WORK TASK » Every record below should be printed exactly, except for the pictures.

[Source data]
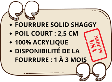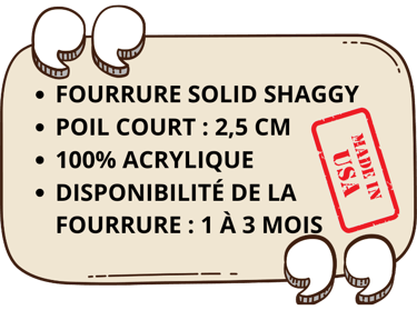 Toutes les options de fourrure présentées ci-dessous appartiennent à la catégorie "SHAGGY", ayant toutes des textures de poils similaires afin de pouvoir être harmonieusement associées entre elles.
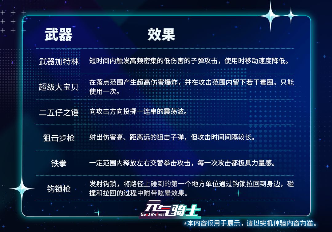 本次测试中实装的内容包括4个角色(每个角色1个技能)、6把武器和25个天赋。角色基本信息可见下表:
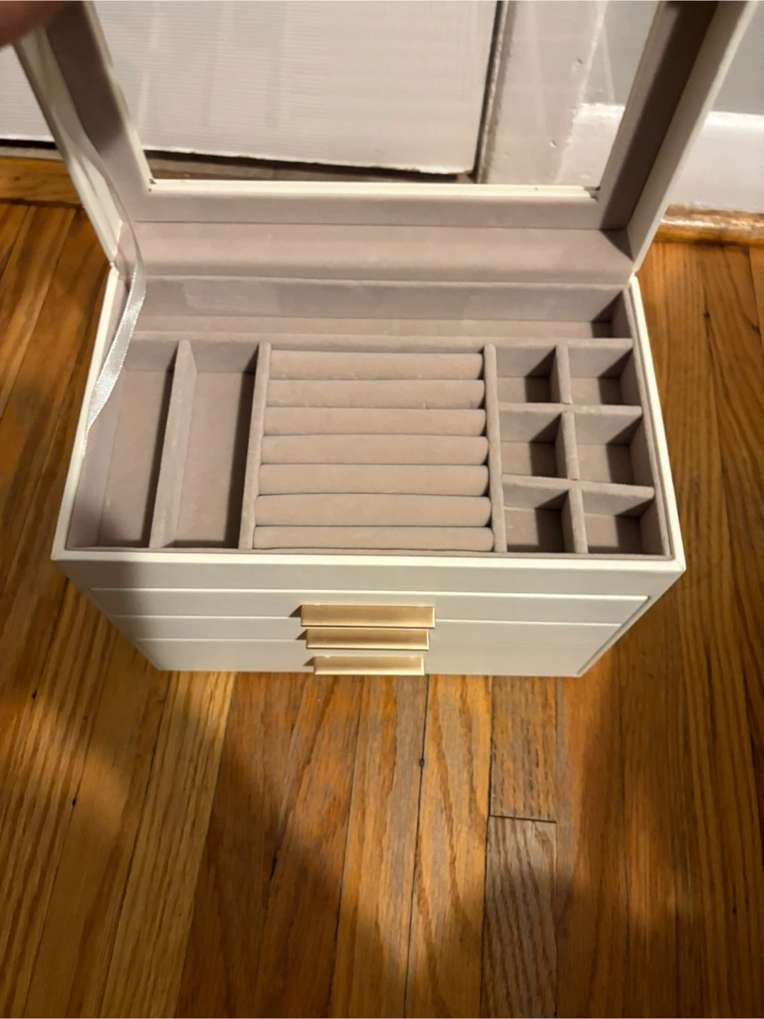 0Selling a stackable layered jewelry box! It's in great condition and perfect for organizing your rings, necklaces, and earrings. The box features multiple layers and compartments to keep your jewelry safe and tidy. A stylish and functional addition to any dresser or vanity!
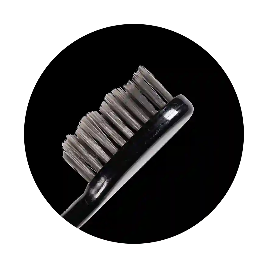 - الیاف دارای زغال فعال با خاصیت آنتیباکتریال الیاف این مسواک با بهرهگیری از کربن فعال تولید شدهاند؛ کربن با فرآیند سوزاندن کنترلشده مواد کربنی در غیاب اکسیژن بهدست میآید و خاصیت جذب سطحی بالایی دارد. این ویژگی باعث حذف پلاکهای دندانی و باکتریها از سطوح دندان شده و به سفیدتر شدن طبیعی دندانها کمک میکند (بهویژه در مقابله با لکههای ناشی از مصرف چای، قهوه یا مواد غذایی رنگی)
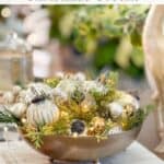 This pretty little gold bowl filled with ornaments, fairy lights, and bits of faux greens is an easy way to add Christmas to any room. Here’s how to make one of your own.
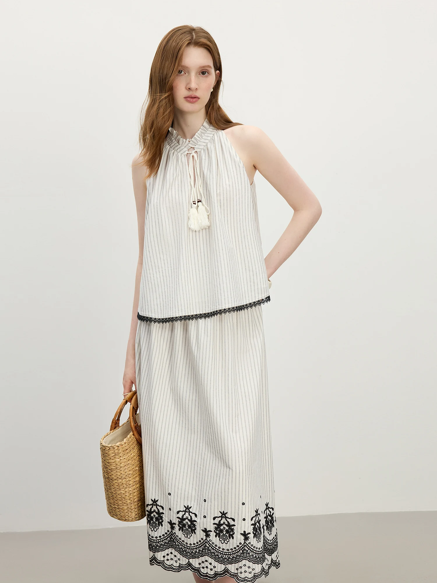 Mercerized Cotton Halterneck Top & A-Line Skirt Set
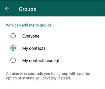 આ માટે વોટ્સએપ એપના સેટિંગ્સમાં જાઓ. તેમાં એકાઉન્ટમાં પ્રાઇવસીમાં જાઓ અને તેમાં ગ્રૂપ્સમાં માત્ર ફોનમાંના કોન્ટેક્ટ્સ તમને ગ્રૂપમાં ઉમેરી શકે એવું સેટિંગ કરવું હિતાવહ રહેશે!

FINISHED EXERCISE »
 Toutes les options de fourrure présentées ci-dessous appartiennent à la catégorie "SHAGGY", ayant toutes des textures de poils similaires afin de pouvoir être harmonieusement associées entre elles.
 本次测试中实装的内容包括4个角色(每个角色1个技能)、6把武器和25个天赋。角色基本信息可见下表:
 0Selling a stackable layered jewelry box! It's in great condition and perfect for organizing your rings, necklaces, and earrings. The box features multiple layers and compartments to keep your jewelry safe and tidy. A stylish and functional addition to any dresser or vanity!
 - الیاف دارای زغال فعال با خاصیت آنتیباکتریال الیاف این مسواک با بهرهگیری از کربن فعال تولید شدهاند؛ کربن با فرآیند سوزاندن کنترلشده مواد کربنی در غیاب اکسیژن بهدست میآید و خاصیت جذب سطحی بالایی دارد. این ویژگی باعث حذف پلاکهای دندانی و باکتریها از سطوح دندان شده و به سفیدتر شدن طبیعی دندانها کمک میکند (بهویژه در مقابله با لکههای ناشی از مصرف چای، قهوه یا مواد غذایی رنگی)
 This pretty little gold bowl filled with ornaments, fairy lights, and bits of faux greens is an easy way to add Christmas to any room. Here’s how to make one of your own.
 Mercerized Cotton Halterneck Top & A-Line Skirt Set
 આ માટે વોટ્સએપ એપના સેટિંગ્સમાં જાઓ. તેમાં એકાઉન્ટમાં પ્રાઇવસીમાં જાઓ અને તેમાં ગ્રૂપ્સમાં માત્ર ફોનમાંના કોન્ટેક્ટ્સ તમને ગ્રૂપમાં ઉમેરી શકે એવું સેટિંગ કરવું હિતાવહ રહેશે!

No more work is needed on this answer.